▶ **EXERCISE AIM**
Please return only the lines from the one holding "La Municipalidad de" through the one holding "噢尼噢尼长高高TM儿童成长调", exactly as they appear in the records below, both ends included.

▶ **DATASET RECORDS**
---------------

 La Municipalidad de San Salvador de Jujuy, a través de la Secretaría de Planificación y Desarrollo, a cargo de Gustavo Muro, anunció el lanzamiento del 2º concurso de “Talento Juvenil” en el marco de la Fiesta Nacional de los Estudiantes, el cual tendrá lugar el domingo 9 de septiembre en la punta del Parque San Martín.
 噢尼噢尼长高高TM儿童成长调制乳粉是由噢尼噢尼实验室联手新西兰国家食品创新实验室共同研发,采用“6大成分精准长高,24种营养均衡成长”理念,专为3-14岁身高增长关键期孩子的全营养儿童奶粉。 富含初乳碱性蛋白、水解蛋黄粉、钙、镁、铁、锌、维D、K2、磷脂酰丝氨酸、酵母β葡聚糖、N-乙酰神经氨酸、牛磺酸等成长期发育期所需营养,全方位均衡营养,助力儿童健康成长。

---------------

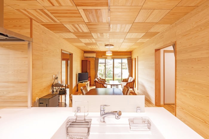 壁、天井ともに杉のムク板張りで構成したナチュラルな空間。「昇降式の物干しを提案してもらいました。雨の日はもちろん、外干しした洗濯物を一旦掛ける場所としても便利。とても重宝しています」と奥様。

---------------

▶ **TASK SOLUTION**
 La Municipalidad de San Salvador de Jujuy, a través de la Secretaría de Planificación y Desarrollo, a cargo de Gustavo Muro, anunció el lanzamiento del 2º concurso de “Talento Juvenil” en el marco de la Fiesta Nacional de los Estudiantes, el cual tendrá lugar el domingo 9 de septiembre en la punta del Parque San Martín.
 噢尼噢尼长高高TM儿童成长调制乳粉是由噢尼噢尼实验室联手新西兰国家食品创新实验室共同研发,采用“6大成分精准长高,24种营养均衡成长”理念,专为3-14岁身高增长关键期孩子的全营养儿童奶粉。 富含初乳碱性蛋白、水解蛋黄粉、钙、镁、铁、锌、维D、K2、磷脂酰丝氨酸、酵母β葡聚糖、N-乙酰神经氨酸、牛磺酸等成长期发育期所需营养,全方位均衡营养,助力儿童健康成长。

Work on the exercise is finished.